According to Dirac equation we can write, \begin{equation} \left(i\gamma^\mu( \partial_\mu +ie A_\mu)- m \right)\psi(x,t) = 0 \end{equation} We seek an equation where $e\rightarrow -e $ and which relates to the new wave functions to $\psi(x,t)$ . Now taking the complex conjugate of this equation we get


\begin{equation} \left[-i(\gamma^\mu)^* \partial_\mu -e(\gamma^\mu)^* A_\mu - m \right] \psi^*(x,t) = 0 \end{equation} If we can identify a matrix U such that \begin{equation} \tilde{U} (\gamma^\mu)^* ( \tilde{U} )^{-1} = -\gamma^\mu \end{equation} where $ 1 =U^{-1} U$.

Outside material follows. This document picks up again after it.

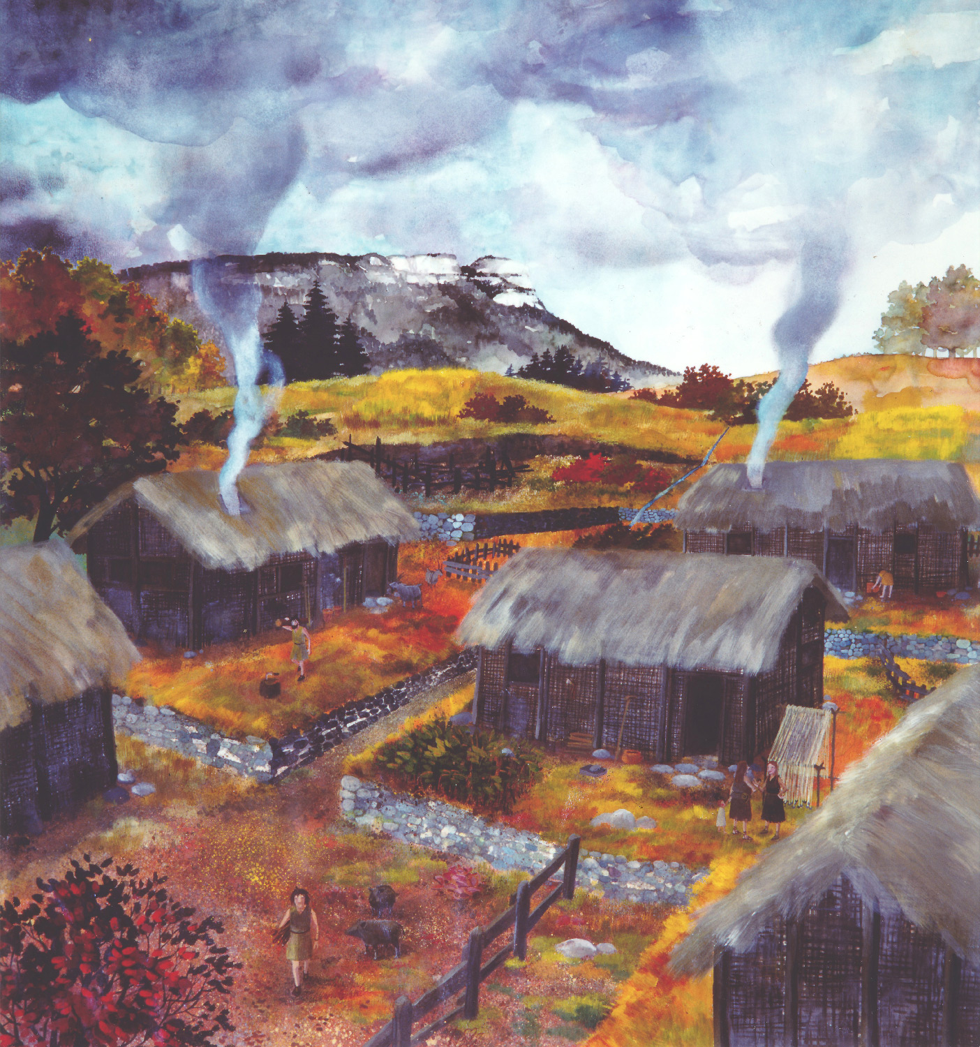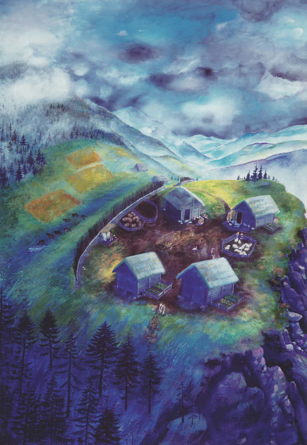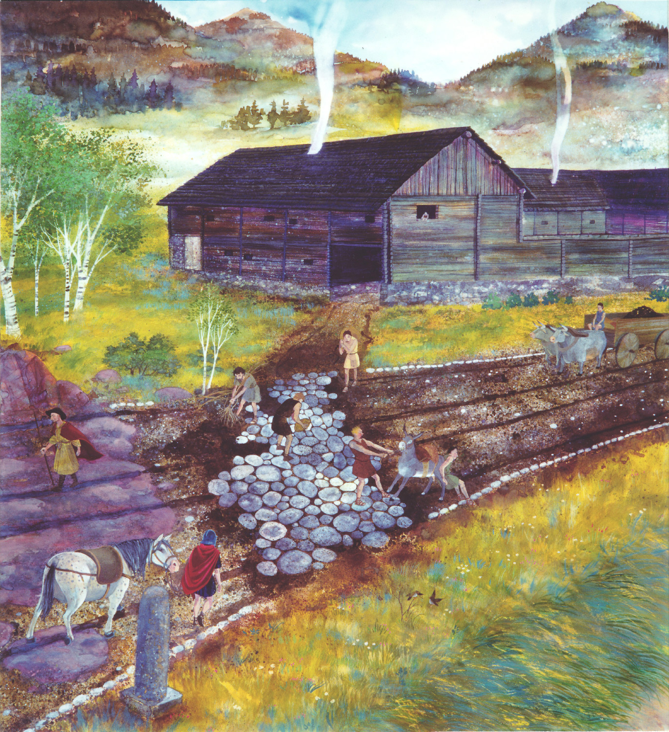 Hinweis: Der abgebildete Hund ist historisch nicht korrekt: Hunde in der Art von Jagdhunden kommen erst ab dem Mittelalter vor; es war eine Hommage an meinen damaligen Hund Matisse. Aquarell und Tempera auf Papier ca. 100 cm x 80 cm, 2002 - Museo Ladino di Fassa.

I want to know that, why and how did we do the last two equation. More precisely, I want to know more details and significance of the last two equations.



Answer




The Dirac equation for a particle with charge $e$ is $$ \left[\gamma^\mu (i\partial_\mu - e A_\mu) - m \right] \psi = 0 $$ We want to know if we can construct a spinor $\psi^c$ with the opposite charge from $\psi$. This would obey the equation $$ \left[\gamma^\mu (i\partial_\mu + e A_\mu) - m \right] \psi^c = 0 $$ If you know about gauge transformations $$ \psi \rightarrow \exp\left( i e \phi\right) \psi $$ (together with the compensating transformation for $A_\mu$, which we don't need here), this suggests that complex conjugation is the thing to do: $$ \psi^\star \rightarrow \exp\left( i (-e) \phi\right) \psi^\star $$ So it looks like $\psi^\star$ has the opposite charge. Let's take the complex conjugate of the Dirac equation: $$ \left[-\gamma^{\mu\star} (i\partial_\mu + e A_\mu) - m \right] \psi^\star = 0 $$ Unfortunately this isn't what we want. But remember that spinors and $\gamma$ matrices are only defined up to a change of basis $\psi \rightarrow S \psi$ and $\gamma^\mu \rightarrow S \gamma^\mu S^{-1}$. Possibly we can find a change of basis that brings the Dirac equation into the form we want. Introduce an invertible matrix $C$ by multiplying on the left and inserting $ 1 = C^{-1}C $ (note that $C$ is the more common notation for your $\tilde{U}$): $$ \begin{array}{lcl} 0 &= & C \left[-\gamma^{\mu\star} (i\partial_\mu + e A_\mu) - m \right] C^{-1} C\psi^\star \\ &= & \left[-C\gamma^{\mu\star}C^{-1} (i\partial_\mu + e A_\mu) - m \right] C\psi^\star \end{array}$$


Note that if we can find a $C$ which obeys $-C\gamma^{\mu\star}C^{-1} = \gamma^\mu$ then $C\psi^\star$ makes a perfectly good candidate for $\psi^c$! It turns out that one can indeed construct $C$ satisfying the condition and define charge conjugation as $$ \psi \rightarrow \psi^c = C\psi^\star $$


You can see this more explicitly in terms of two component spinors in the Weyl basis: $$ \psi = \left( \begin{matrix} \chi_\alpha \\ \eta^{\dagger}_{\dot{\alpha}} \end{matrix} \right) $$ (the notation follows the tome on the subject). The charge conjugate spinor in this representation is $$ \psi^c = \left( \begin{matrix} \eta_\alpha \\ \chi^{\dagger}_{\dot{\alpha}} \end{matrix} \right) $$ So charge conjugation is $$ \eta \leftrightarrow \chi $$ This representation explicitly brings out the two oppositely charged components of the Dirac spinor, $\eta$ and $\chi$, and shows that charge conjugation acts by swapping them.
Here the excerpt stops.